Composer, businessman, guitarist, provocateur — all of these classifications apply to Frank Zappa, who died of cancer in 1993 at the age of 52.

But they each paint an incomplete picture of this most complex man.

A new film finds a creative solution to this problem: Let the man speak for himself. “Eat That Question: Frank Zappa in His Own Words” (now showing at the Music Box Theatre and Century 12 in Evanston) tells Zappa’s stories through decades of television interviews and performances.

The project was a massive labor of love for its director, German-born documentary filmmaker Thorsten Schütte.

“I grew up with his music and I was always very fond of his whole body of work,” he said. “But from the filmmaker’s point of view over the years, I’m doing documentaries for over 20 years now, [and] every time when I was researching in some archive I was always looking for what, for example, Italian television had in their vaults, [or] what the Swiss had in their vaults. When you’re traveling you do that kind of research. Certain snippets were popping up.”

It was around a decade ago, Schütte said, that the idea came to assemble this archival material into a film of its own.

“When you look extensively at all of this material that we found, [the] unedited interviews, unreleased materials,” Schütte explained, “a whole different Zappa emerges than the one that we know, the one that is limited to lots of cliches.”

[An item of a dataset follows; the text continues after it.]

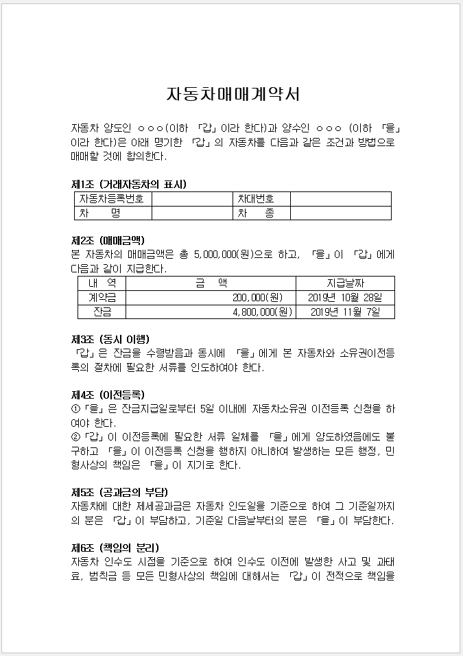 중고차 매매 계약서는 차량을 거래할 때 법적 보호를 받을 수 있는 중요한 문서입니다. 계약서를 정확히 작성하면, 차량의 소유권 이전, 거래 조건, 분쟁 발생 시 해결 방법 등을 명확히 할 수 있습니다. 이 글에서는 중고차 매매 계약서 양식 다운로드 방법과 작성법을 안내드리겠습니다.

The resulting film feels of a piece with Zappa itself in the way it dodges, subverts and generally scoffs at the standard-issue biopic template.

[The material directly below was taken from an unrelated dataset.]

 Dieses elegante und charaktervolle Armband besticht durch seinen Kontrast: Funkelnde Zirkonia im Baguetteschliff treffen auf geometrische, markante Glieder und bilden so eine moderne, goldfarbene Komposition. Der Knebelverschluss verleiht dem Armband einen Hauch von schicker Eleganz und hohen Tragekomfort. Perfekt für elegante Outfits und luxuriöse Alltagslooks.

“There are lots of music documentaries out there — on Zappa but also on many other musicians — that are very formulaic,” Schütte said. “They always use those patterns of having those quotes of contemporaries, the usual suspects, celebrities that then tell something about their good memories of this and this and that and that.

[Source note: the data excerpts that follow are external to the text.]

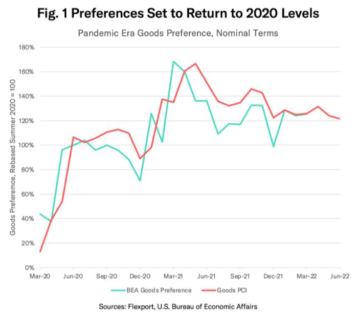Going off past correlations, Flexport estimates that consumers’ preferences for goods versus services today, in May — in aggregate and in dollar terms — remains pretty elevated, belying expectations that a “post-Covid” reopening of the economy would see spending patterns snap back to normal.
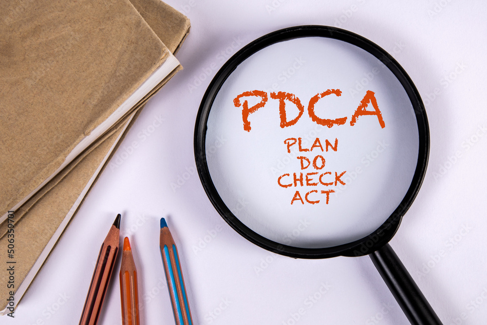PDCA Plan Do Check and Act. Pencils and magnifying glass on a white background
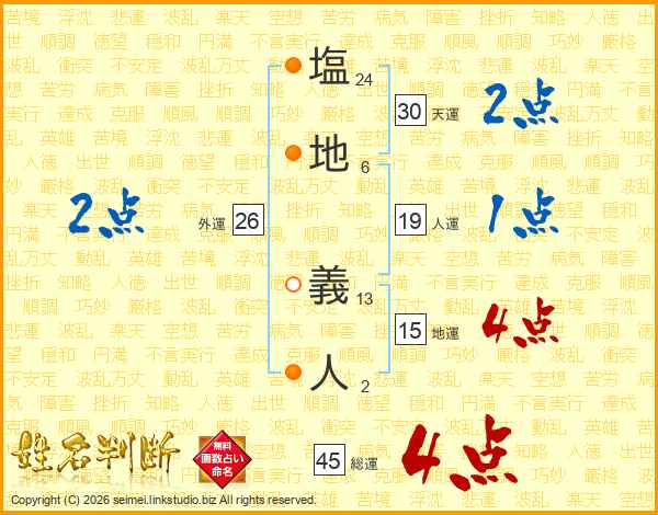 塩(24画)地(6画) 義(13画)人(2画)

“Many times, you feel a little bit unsatisfied with not really getting an understanding of who the person really was,” he continued. “You have to get into the mode of the character. So the goal here was to give the maximum of time to Zappa himself, to see him grow, to see him develop his position, to see him over this timespan of over 40 years how he’s handling the media, and to tell his story through his media appearance.”

Among the movie’s executive producers is Ahmet Zappa, Frank’s son.

“My hat’s off to [Schütte] because what he had to do, he’s like the Sherlock Holmes of Zappa in identifying the right kind of content for the movie that he was making,” Zappa said.

Schütte’s film, Zappa said, serves as a chronicle of his father’s evolving relationship with the media.

“I lived through it, so in between each one of these interviews he was my dad,” Zappa said. “I knew what was happening at home, what he was talking about, what he was fighting for certainly in the later years of his life. So to see that relationship changing with the media was fascinating.”

Before he was famous, Frank Zappa appeared on “The Steve Allen Show” to demonstrate how to make music with a bicycle. | @ Retro Video, Inc-2/Courtesy of Sony Pictures Classics

Before he was famous, Frank Zappa appeared on “The Steve Allen Show” to demonstrate how to make music with a bicycle. | @ Retro Video, Inc-2/Courtesy of Sony Pictures Classics

Running from his 1963 appearance on “The Steve Allen Show” to a 1993 interview on “The Today Show” shortly before his death, “Eat That Question” shows Frank Zappa as a man of fierce intellectual focus, never one to waste a word or a note.

“Frank never said an ‘um’ or a ‘like.’ He just, to me, said it perfectly,” Zappa said.”In my own life, to make my point a little clearer, I can tell you so many times when I’ve said, ‘Oh, I wish I would have said that,’ or, ‘If I just changed this in my statement I would have been clearer.’ … That was not an issue for Frank.

“So that’s fascinating to me. When you watch him he’s so in the moment and everything was at his disposal to articulate exactly what he was thinking or feeling. Seeing this movie, I got this sense that it’s like walking into a bear trap in some instances.”